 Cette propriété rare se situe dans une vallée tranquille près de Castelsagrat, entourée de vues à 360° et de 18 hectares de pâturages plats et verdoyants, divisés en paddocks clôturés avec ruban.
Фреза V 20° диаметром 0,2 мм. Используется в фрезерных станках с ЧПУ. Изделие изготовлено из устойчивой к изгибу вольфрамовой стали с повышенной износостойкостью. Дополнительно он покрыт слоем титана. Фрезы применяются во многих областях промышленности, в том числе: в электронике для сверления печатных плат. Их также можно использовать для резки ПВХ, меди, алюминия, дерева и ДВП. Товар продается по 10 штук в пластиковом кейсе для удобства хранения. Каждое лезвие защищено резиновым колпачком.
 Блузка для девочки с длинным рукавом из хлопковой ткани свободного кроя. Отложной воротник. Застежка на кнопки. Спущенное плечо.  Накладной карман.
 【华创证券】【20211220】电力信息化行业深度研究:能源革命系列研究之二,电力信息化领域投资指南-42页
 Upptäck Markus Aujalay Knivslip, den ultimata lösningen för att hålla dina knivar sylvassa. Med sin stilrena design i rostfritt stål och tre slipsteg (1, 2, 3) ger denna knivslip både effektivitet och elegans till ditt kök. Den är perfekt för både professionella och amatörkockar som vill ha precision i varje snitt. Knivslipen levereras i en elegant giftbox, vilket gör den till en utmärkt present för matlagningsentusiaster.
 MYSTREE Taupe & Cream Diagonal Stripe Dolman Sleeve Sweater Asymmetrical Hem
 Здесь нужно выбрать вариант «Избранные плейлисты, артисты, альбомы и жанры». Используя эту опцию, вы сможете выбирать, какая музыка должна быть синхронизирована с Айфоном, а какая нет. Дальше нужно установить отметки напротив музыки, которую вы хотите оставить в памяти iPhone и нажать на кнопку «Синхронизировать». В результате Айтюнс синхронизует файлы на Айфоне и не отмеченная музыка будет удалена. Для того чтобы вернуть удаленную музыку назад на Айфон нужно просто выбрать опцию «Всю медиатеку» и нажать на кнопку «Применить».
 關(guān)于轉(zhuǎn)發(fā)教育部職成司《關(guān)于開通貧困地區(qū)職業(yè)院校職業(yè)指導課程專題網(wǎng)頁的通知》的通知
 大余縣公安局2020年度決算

▸ **TASK INSTRUCTIONS**: The answer must be an exact copy of the lines from the one containing "關(guān)于轉(zhuǎ" through the last line of the records, both included.

▸ **RESPONSE BOX**:
 關(guān)于轉(zhuǎn)發(fā)教育部職成司《關(guān)于開通貧困地區(qū)職業(yè)院校職業(yè)指導課程專題網(wǎng)頁的通知》的通知
 大余縣公安局2020年度決算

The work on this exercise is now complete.